* _PROMPT_
Print each line below verbatim, skipping every picture.

* _THE DATA_
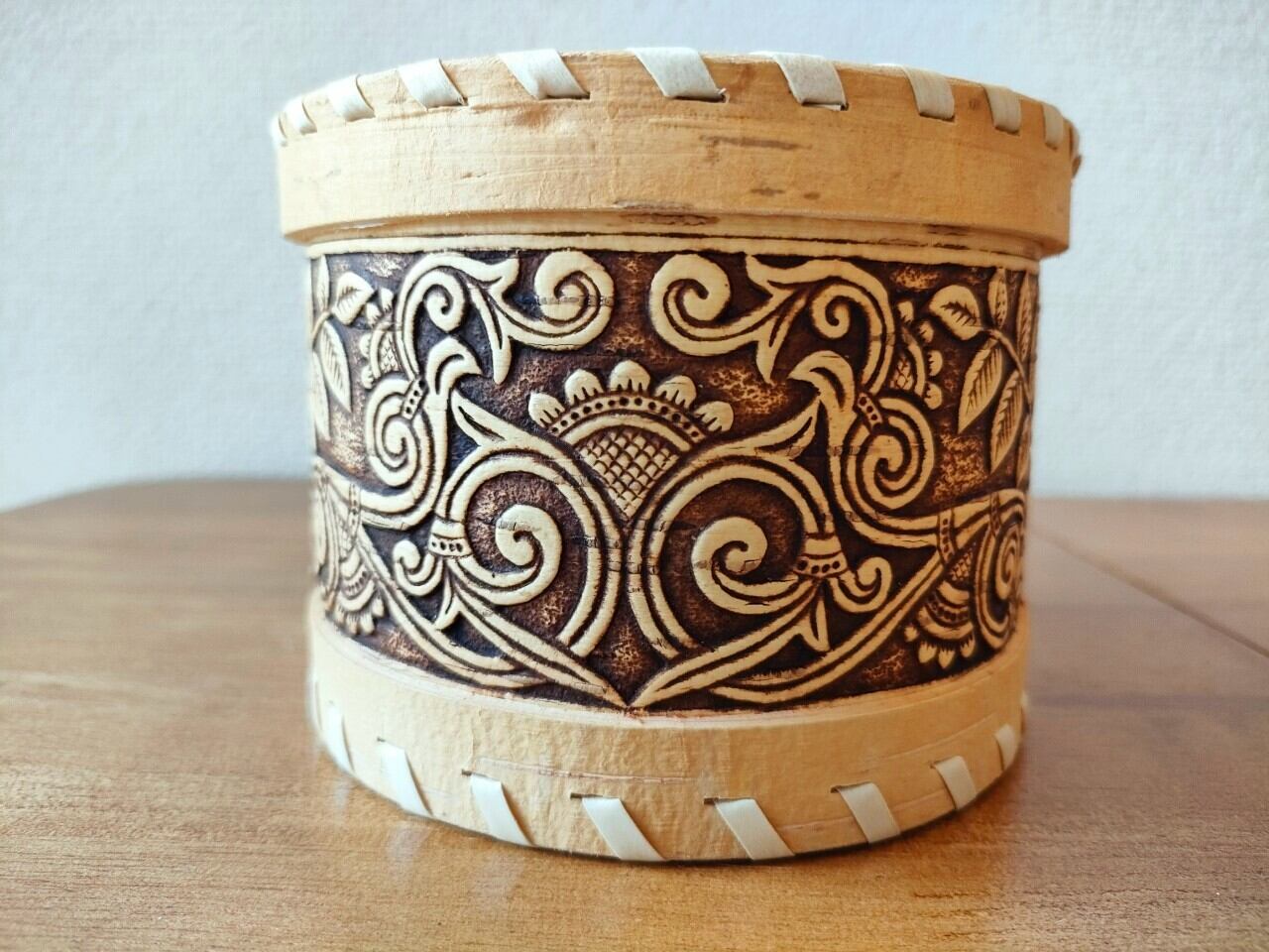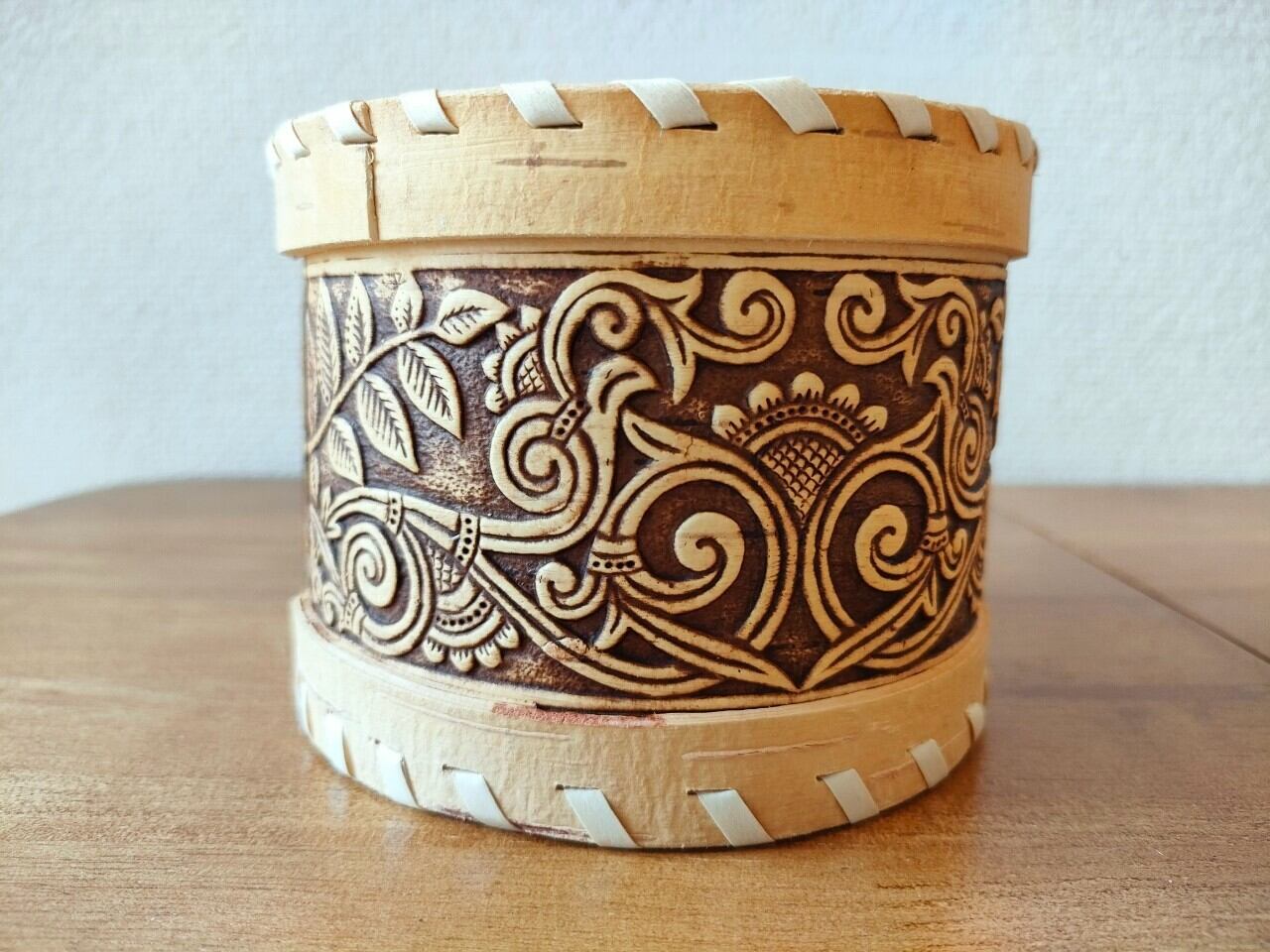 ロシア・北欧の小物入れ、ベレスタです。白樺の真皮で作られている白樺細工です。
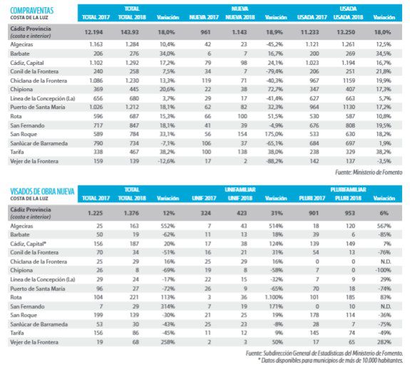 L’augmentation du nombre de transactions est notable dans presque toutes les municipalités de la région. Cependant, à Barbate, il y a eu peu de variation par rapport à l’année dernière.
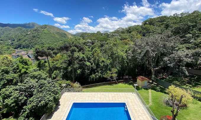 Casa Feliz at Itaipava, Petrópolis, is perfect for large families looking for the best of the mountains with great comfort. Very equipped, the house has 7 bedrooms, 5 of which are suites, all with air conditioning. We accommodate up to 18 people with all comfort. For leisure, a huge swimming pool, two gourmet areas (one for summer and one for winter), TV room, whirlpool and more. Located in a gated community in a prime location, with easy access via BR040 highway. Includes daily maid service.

* _ANSWER TO THE PROBLEM_
 ロシア・北欧の小物入れ、ベレスタです。白樺の真皮で作られている白樺細工です。
 L’augmentation du nombre de transactions est notable dans presque toutes les municipalités de la région. Cependant, à Barbate, il y a eu peu de variation par rapport à l’année dernière.
 Casa Feliz at Itaipava, Petrópolis, is perfect for large families looking for the best of the mountains with great comfort. Very equipped, the house has 7 bedrooms, 5 of which are suites, all with air conditioning. We accommodate up to 18 people with all comfort. For leisure, a huge swimming pool, two gourmet areas (one for summer and one for winter), TV room, whirlpool and more. Located in a gated community in a prime location, with easy access via BR040 highway. Includes daily maid service.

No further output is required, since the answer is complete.